DATA SECTION:

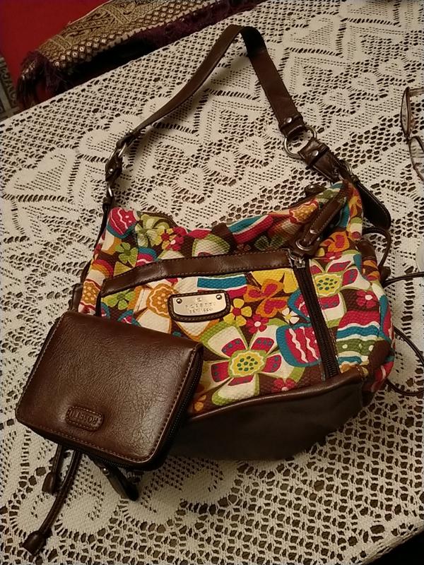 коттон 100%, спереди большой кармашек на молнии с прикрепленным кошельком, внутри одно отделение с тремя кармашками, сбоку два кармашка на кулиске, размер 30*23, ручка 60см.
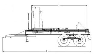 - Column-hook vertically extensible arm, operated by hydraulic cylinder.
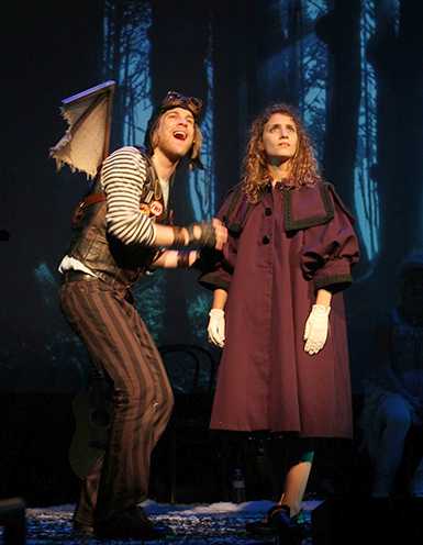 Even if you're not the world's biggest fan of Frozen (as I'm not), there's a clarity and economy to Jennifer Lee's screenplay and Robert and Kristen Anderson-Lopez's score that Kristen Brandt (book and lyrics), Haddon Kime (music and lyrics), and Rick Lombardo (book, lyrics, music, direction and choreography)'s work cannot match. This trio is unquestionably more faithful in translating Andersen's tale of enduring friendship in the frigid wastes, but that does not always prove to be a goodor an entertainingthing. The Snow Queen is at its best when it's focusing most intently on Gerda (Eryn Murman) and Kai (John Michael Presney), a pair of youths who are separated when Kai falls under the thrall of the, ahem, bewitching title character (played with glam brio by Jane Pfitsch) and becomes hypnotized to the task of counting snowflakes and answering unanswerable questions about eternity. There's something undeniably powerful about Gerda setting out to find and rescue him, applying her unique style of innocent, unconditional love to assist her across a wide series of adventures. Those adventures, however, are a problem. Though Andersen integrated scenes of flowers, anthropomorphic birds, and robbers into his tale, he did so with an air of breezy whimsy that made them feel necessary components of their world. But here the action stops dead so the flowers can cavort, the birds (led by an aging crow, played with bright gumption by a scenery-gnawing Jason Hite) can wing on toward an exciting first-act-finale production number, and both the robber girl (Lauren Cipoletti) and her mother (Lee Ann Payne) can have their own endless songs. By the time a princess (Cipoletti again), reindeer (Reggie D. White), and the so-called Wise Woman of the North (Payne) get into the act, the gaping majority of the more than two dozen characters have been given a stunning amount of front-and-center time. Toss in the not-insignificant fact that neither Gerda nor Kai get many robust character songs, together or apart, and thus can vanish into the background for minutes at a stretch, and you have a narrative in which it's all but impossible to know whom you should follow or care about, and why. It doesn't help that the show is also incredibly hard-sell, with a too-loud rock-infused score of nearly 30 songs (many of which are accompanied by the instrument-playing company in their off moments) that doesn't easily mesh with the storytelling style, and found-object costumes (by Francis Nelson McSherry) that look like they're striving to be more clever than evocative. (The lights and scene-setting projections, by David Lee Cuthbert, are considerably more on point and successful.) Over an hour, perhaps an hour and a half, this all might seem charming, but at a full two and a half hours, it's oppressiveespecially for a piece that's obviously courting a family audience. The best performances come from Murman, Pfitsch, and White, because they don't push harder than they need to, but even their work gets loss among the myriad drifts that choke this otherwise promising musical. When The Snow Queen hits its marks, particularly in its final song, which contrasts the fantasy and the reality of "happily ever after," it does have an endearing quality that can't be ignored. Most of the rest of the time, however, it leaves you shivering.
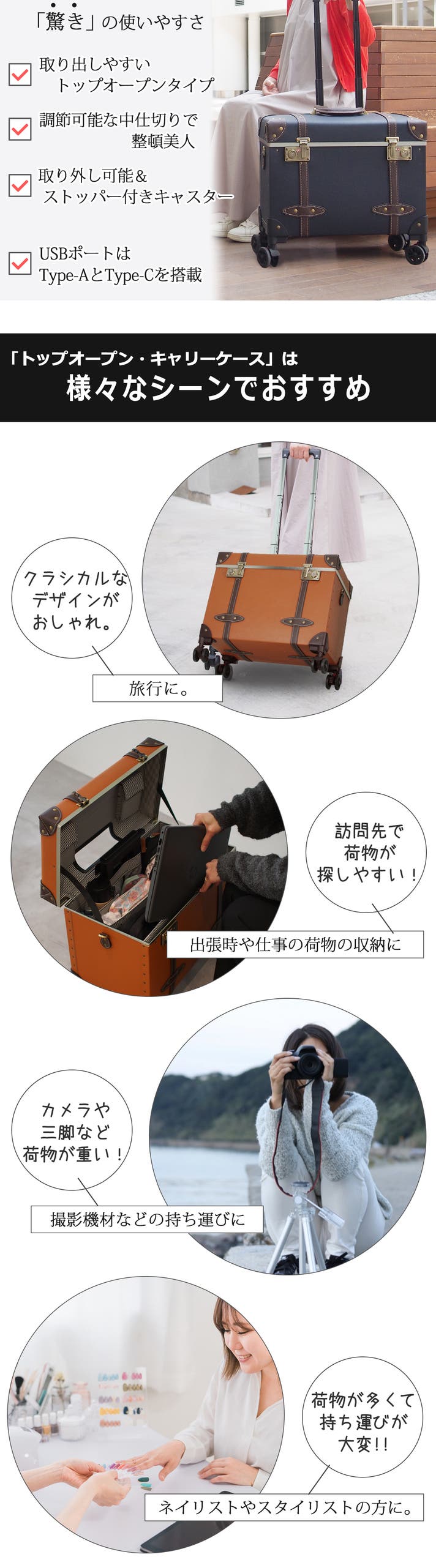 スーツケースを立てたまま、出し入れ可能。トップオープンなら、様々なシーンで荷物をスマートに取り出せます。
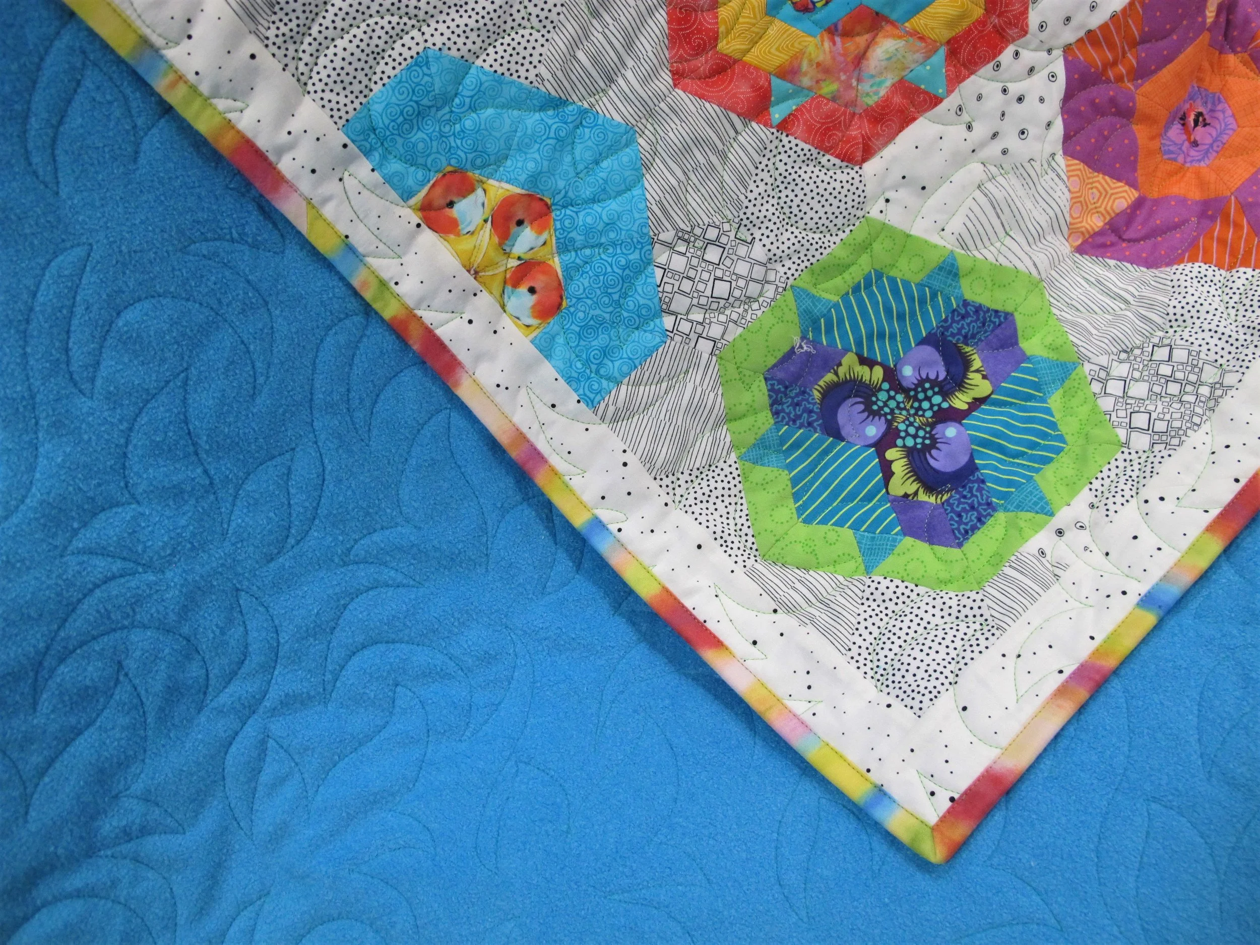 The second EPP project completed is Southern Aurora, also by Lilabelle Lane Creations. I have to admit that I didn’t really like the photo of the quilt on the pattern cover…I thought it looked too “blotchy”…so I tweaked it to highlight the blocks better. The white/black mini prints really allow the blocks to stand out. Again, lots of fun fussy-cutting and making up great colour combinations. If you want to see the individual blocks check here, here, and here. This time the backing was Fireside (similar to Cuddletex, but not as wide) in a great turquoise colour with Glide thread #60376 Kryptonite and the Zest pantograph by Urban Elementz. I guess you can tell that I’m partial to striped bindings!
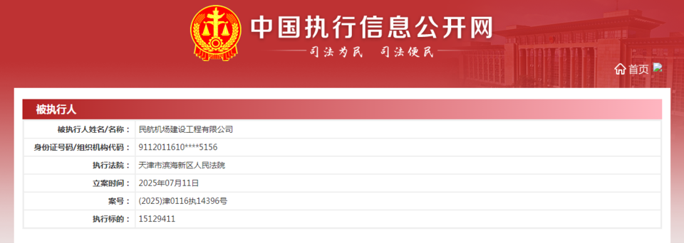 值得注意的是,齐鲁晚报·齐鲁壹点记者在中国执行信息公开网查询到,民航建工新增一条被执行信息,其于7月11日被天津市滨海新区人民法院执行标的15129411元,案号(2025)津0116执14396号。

PROBLEM STATEMENT: Repeat the records above exactly, from the first line through the line containing "- Column-hook vertically", and leave out the pictures.

TASK SOLUTION:
 коттон 100%, спереди большой кармашек на молнии с прикрепленным кошельком, внутри одно отделение с тремя кармашками, сбоку два кармашка на кулиске, размер 30*23, ручка 60см.
 - Column-hook vertically extensible arm, operated by hydraulic cylinder.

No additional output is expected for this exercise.